I don't doubt the doctor may have the patient's interests at heart, but to me, there does seem to be something fundamentally wrong with a direct lie. At a minimum, such lies mean that any statistics developed from these certificates about causes of absences are skewed. It may also mean that HR departments  do not get to see trends about (for example) a pattern of illnesses caused by stress in certain sections or teams.


----------



## huskerdu (3 Aug 2007)

*Re: Reason for Sick Leave*

I know of a case where the GP made sure that he wrote the official latin name for the illness on the sick note, which meant he was telling the truth and also protecting the patients privacy.


----------



## ClubMan (3 Aug 2007)

*Re: Reason for Sick Leave*



RainyDay said:


> I presume that any legal inquiry into the doctor's actions (such as a Medical Council Fitness to Practice inquiry) would override patient/doctor confidentiality.


I would hope that this is not the case and that personal details can only be divulged with the agreement of the patient or relevant next of kin if applicable.


> I don't doubt the doctor may have the patient's interests at heart, but to me, there does seem to be something fundamentally wrong with a direct lie. At a minimum, such lies mean that any statistics developed from these certificates about causes of absences are skewed.


What statistics?


----------



## RainyDay (3 Aug 2007)

*Re: Reason for Sick Leave*



ClubMan said:


> What statistics?


[broken link removed].


----------



## ClubMan (3 Aug 2007)

*Re: Reason for Sick Leave*

Looks like those stats are collated on a partial sampling basis so they are unlikely to be 100% accurate anyway even without (most likely) relatively isolated incidents of doctors issuing sick certs with misleading details. The accuracy of _HSA _statistics would not be something that would worry me personally unduly anyway.


----------



## RainyDay (4 Aug 2007)

*Re: Reason for Sick Leave*

Why would you think that the issuing of certs with misleading details is relatively isolated?


----------



## ailbhe (7 Aug 2007)

*Re: Reason for Sick Leave: s your employer ENTITLED to know exactly what was wrong with u*

I know I was off for a week due to stress (a lot going on at the time). I was having panic attacks etc but the doctor put down "viral infection" as I requested. My employers would not have been sympathetic about me beingoff for a week due to things that were happening in my personal life.

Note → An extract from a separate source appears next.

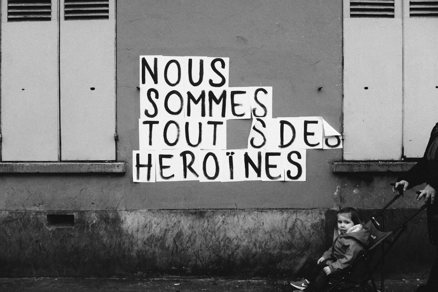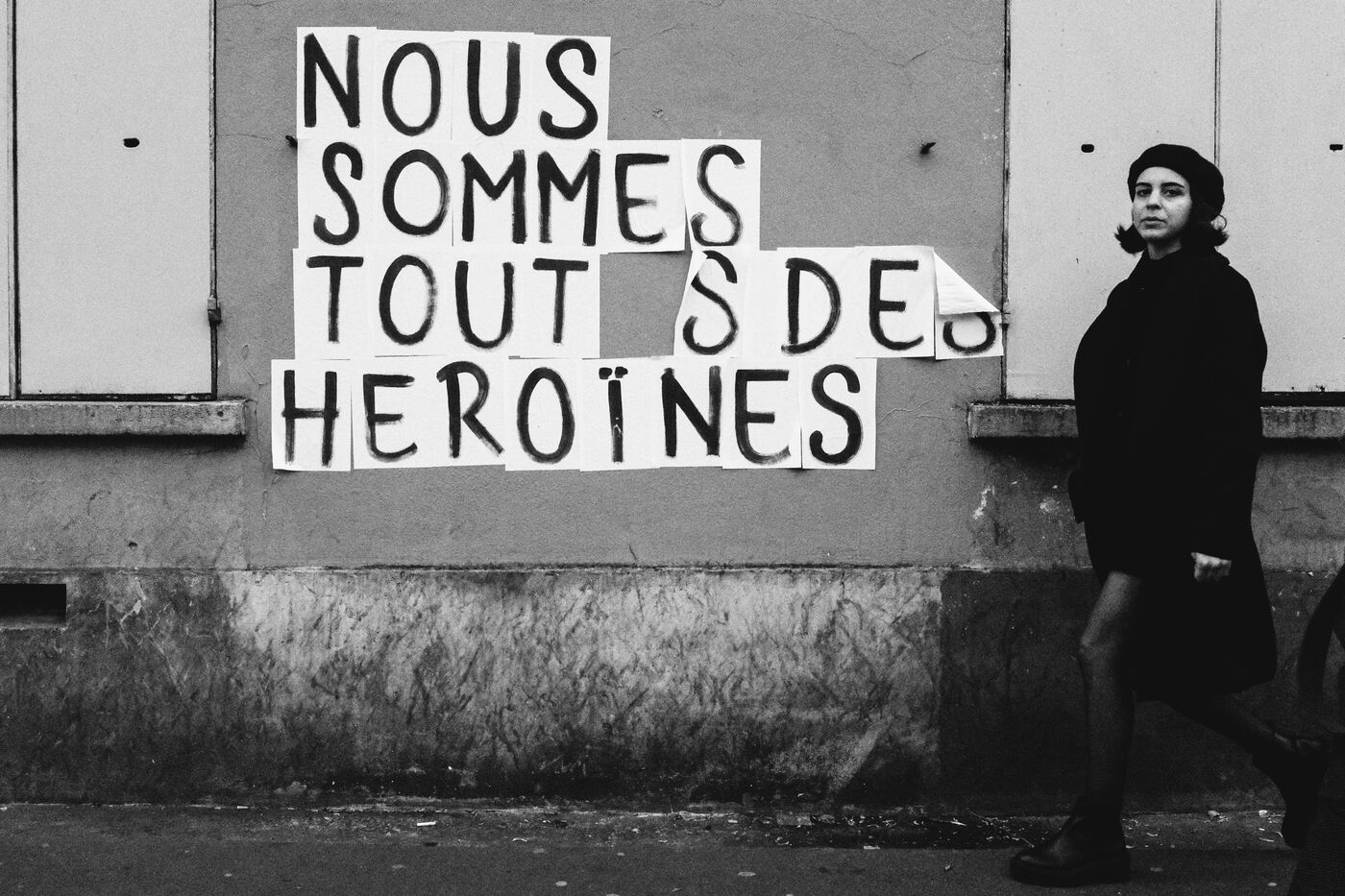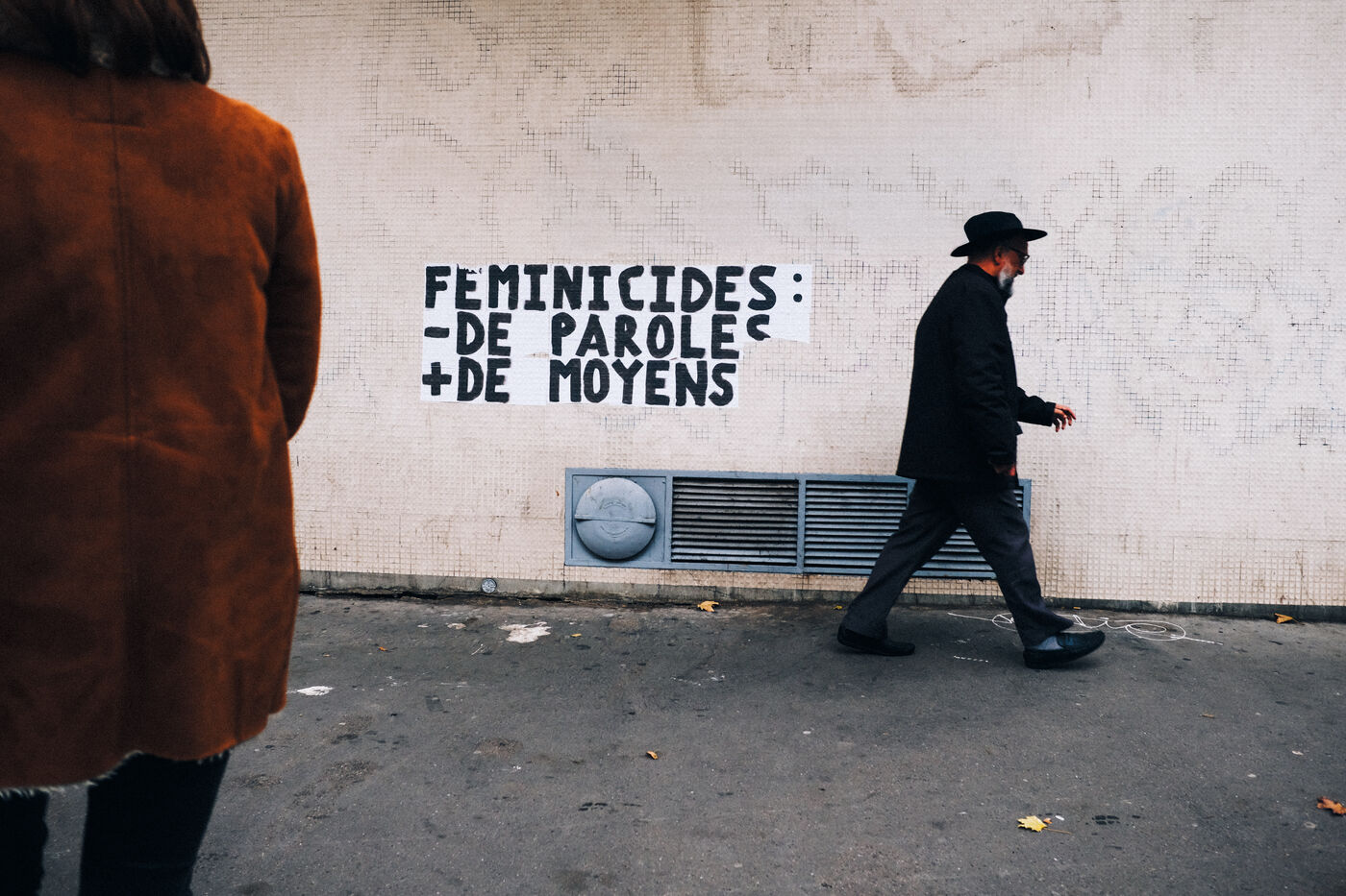 Depuis 2019, un mouvement de collages féministes a recouvert les murs des villes françaises de messages en lettres capitales noires sur papier blanc. Cette série en documente la présence à Paris, au fil des mois et des quartiers. Dénonciations de féminicides, hommages nominatifs aux victimes, exigence de moyens contre les violences, revendications pour l’égalité des droits, appels à la solidarité : les inscriptions captées couvrent un large spectre de luttes. Le noir et blanc dominant renforce la puissance graphique des lettres peintes. Des silhouettes anonymes traversent le cadre, rappelant que ces mots s’adressent à chacun.

I don't see anything wrong with that.


----------



## ClubMan (7 Aug 2007)

*Re: Reason for Sick Leave*



RainyDay said:


> Why would you think that the issuing of certs with misleading details is relatively isolated?


Maybe it's not. I don't know. Personally I don't really care about the accuracy of _HSA _statistics. I would imagine that I am not alone. That's all that I have to say on this matter.


----------



## RainyDay (7 Aug 2007)

*Re: Reason for Sick Leave: s your employer ENTITLED to know exactly what was wrong wi*

At the macro level, I can see there is an issue over whether an employer needs to know the reasons for sick leave. Would anyone like to refer this issue to the Data Protection Commissioner to see if it would pass their 'need to know' test? Perhaps any HR people could advise as to whether an employer ever takes action on these reasons stated on the sick note. So if a sick note states that there was a back injury, should an employer be reassigning a warehouse worker to light duties? If a sick note states stress, should an office worker be reassigned to a less stressful environment?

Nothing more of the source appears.